La Corporate Social Performans (CPS) se réfère aux organisations qui prennent la responsabilité de leur impact sur la société. Cette prise de conscience a un impact grandissant sur la compétitivité des entreprises. Elle peut apporter des avantages en termes de gestion des risques, d’économies de coûts, d'accès au capital, de relations clients, mais également de gestion des ressources humaines et de développement de l‘attractivité de l’organisation.

Le CSP peut être définis par une expression anglaise « do well by doing good ».

Le CSP est représentatif de plusieurs domaines :

  • L’aide à la communauté ou l’action sociale.

  • Le travail sur la parité et la diversité ethnique.

  • Les bénéfices sociaux (syndicalisme, aide à la maternité…),

  • La qualité et l’utilité du produit commercialisé.

  • L’environnement professionnel.

Dans une étude évoquant la difficulté des décideurs de répartir les ressources des organisations de façon optimale, les auteurs mettent en avant les questions de performance sociale plutôt que les points traditionnellement prioritaires (performance financière en particulier). En s’appuyant sur une source de données rigoureuse concernant la performance sociale des organisations, les auteurs présentent les résultats des liens empiriques entre la performance globale (et particulièrement financière) et sociale d’une organisation. La CSP est jugée positivement associée à la performance financière et se trouve également être associée positivement à la performance financière future, en soutenant la théorie que la bonne gestion et CSP sont liés positivement. [31]

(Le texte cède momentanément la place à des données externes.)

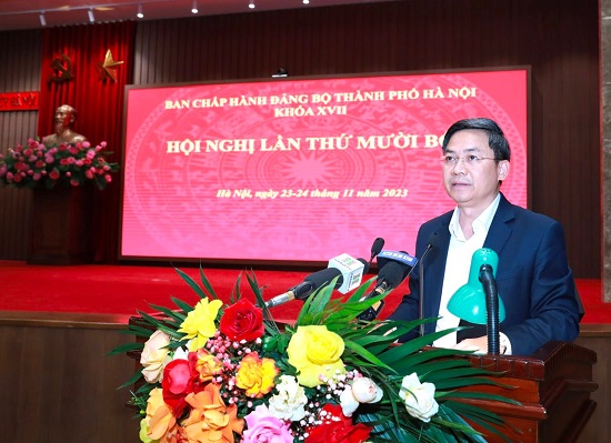 Chiều 23-11, tại trụ sở Thành ủy Hà Nội, Ban Chấp hành Đảng bộ thành phố Hà Nội khóa XVII tiến hành Hội nghị lần thứ mười bốn xem xét, cho ý kiến về 8 nội dung quan trọng, trong đó có Đồ án Điều chỉnh Quy hoạch chung Thủ đô Hà Nội đến năm 2045, tầm nhìn đến năm 2065, các chương trình, kế hoạch năm 2024 và dự thảo Chỉ thị tăng cường sự lãnh đạo của cấp ủy Đảng về xây dựng người Hà Nội thanh lịch, văn minh.

L’étude de Schmidt Albinger et Freeman de 2010 montre qu’un score CSP élevé permet de recruter des candidats plus nombreux et avec une meilleure formation universitaire [32].

Dans une étude prospective, Turban et Greening ont étudié le lien entre CSP et attractivité des organisations [33] : ils sont partis de la supposition que la performance sociale est liée positivement à la réputation et à l’attractivité de l'employeur. Les résultats indiquent que les notations indépendantes de CSP sont liées à la réputation et l'attractivité des employeurs des entreprises, ce qui suggère que la CSP d'une organisation peut fournir un avantage concurrentiel pour attirer les candidats.

L’« employer branding » est la somme des efforts fournis par une organisation pour communiquer sur le fait que leur entreprise est un endroit où il est agréable de travailler [27]. L’organisation doit identifier et cultiver ses valeurs propres pour attirer plus de recrues. Véhiculer une image positive de la profession permet d’augmenter l’attractivité [29].

Les attributs organisationnels les plus attractifs sont [30] :

  • Une rémunération synonyme de reconnaissance.

  • Une culture et des valeurs organisationnelles en adéquation avec les valeurs individuelles.

  • Un travail stimulant, comportant des défis et de l’autonomie.

  • Des avantages sociaux variés.

  • Une gestion dynamique des carrières avec une perspective de croissance professionnelle.

  • Un bon équilibre entre la vie professionnelle et la vie privée.

Le Corporate Social Performans : « do well by doing good ». Les organisations prennent conscience de leur impact sur la société. En insistant sur l’impact social de la profession, les employeurs peuvent attirer des candidats plus nombreux et avec une meilleure formation universitaire [32].